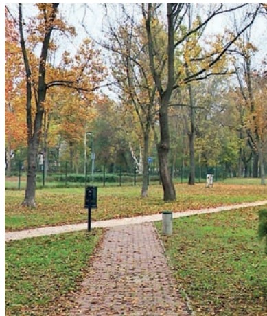
A KEMPING JÖVŐ NYÁRON MÁR VÁRNI FOGJA A NYARALÓKAT

művesített övezetet alakítanak ki, amely a tervek szerint már a 2021-es szezonban fogadhatja a kempingezőket. ■
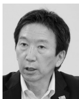
取組紹介① アドベンチャートラベルの本質と北海道における取り組みの全体像

今回のセミナーでは、アドベンチャートラベルに地域で取り組む当事者にどのように地域に貢献する観光づくりを進めているのかを語っていただき、ポストコロナにおける、質の高い、真に地域の持続的な発展・活性化に貢献する観光のあり方について普遍的なヒントと展望を得ることとした。
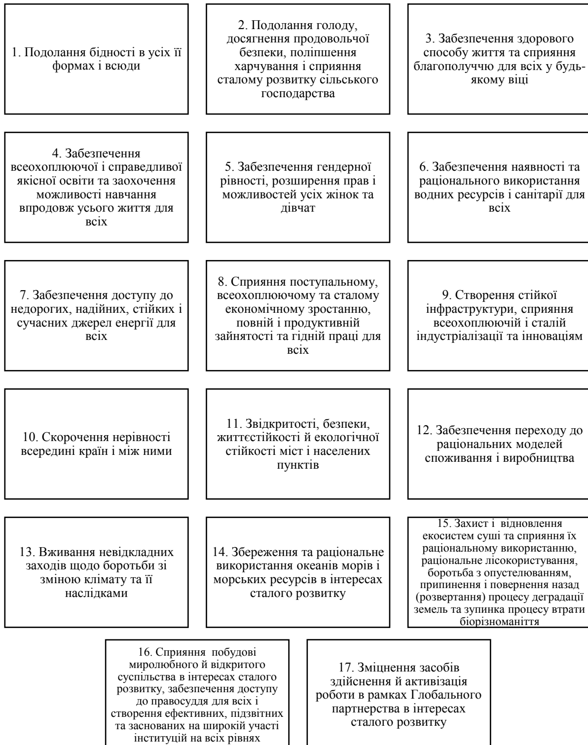
Рисунок 3 - Глобальні цілі сталого розвитку (складено авторами за джерелом [8])

1 січня 2016 р. вступили в силу 17 глобальних цілей сталого розвитку, які були затверджені на саміті ООН з питань сталого розвитку у вересні 2015 р. та імплементовані Україною [9] (рис. 3).

○ ○ ○ ○ ○

Assignment: Set down all records verbatim, omitting images.

Answer:
A KEMPING JÖVŐ NYÁRON MÁR VÁRNI FOGJA A NYARALÓKAT

művesített övezetet alakítanak ki, amely a tervek szerint már a 2021-es szezonban fogadhatja a kempingezőket. ■
取組紹介① アドベンチャートラベルの本質と北海道における取り組みの全体像

今回のセミナーでは、アドベンチャートラベルに地域で取り組む当事者にどのように地域に貢献する観光づくりを進めているのかを語っていただき、ポストコロナにおける、質の高い、真に地域の持続的な発展・活性化に貢献する観光のあり方について普遍的なヒントと展望を得ることとした。
Рисунок 3 - Глобальні цілі сталого розвитку (складено авторами за джерелом [8])

1 січня 2016 р. вступили в силу 17 глобальних цілей сталого розвитку, які були затверджені на саміті ООН з питань сталого розвитку у вересні 2015 р. та імплементовані Україною [9] (рис. 3).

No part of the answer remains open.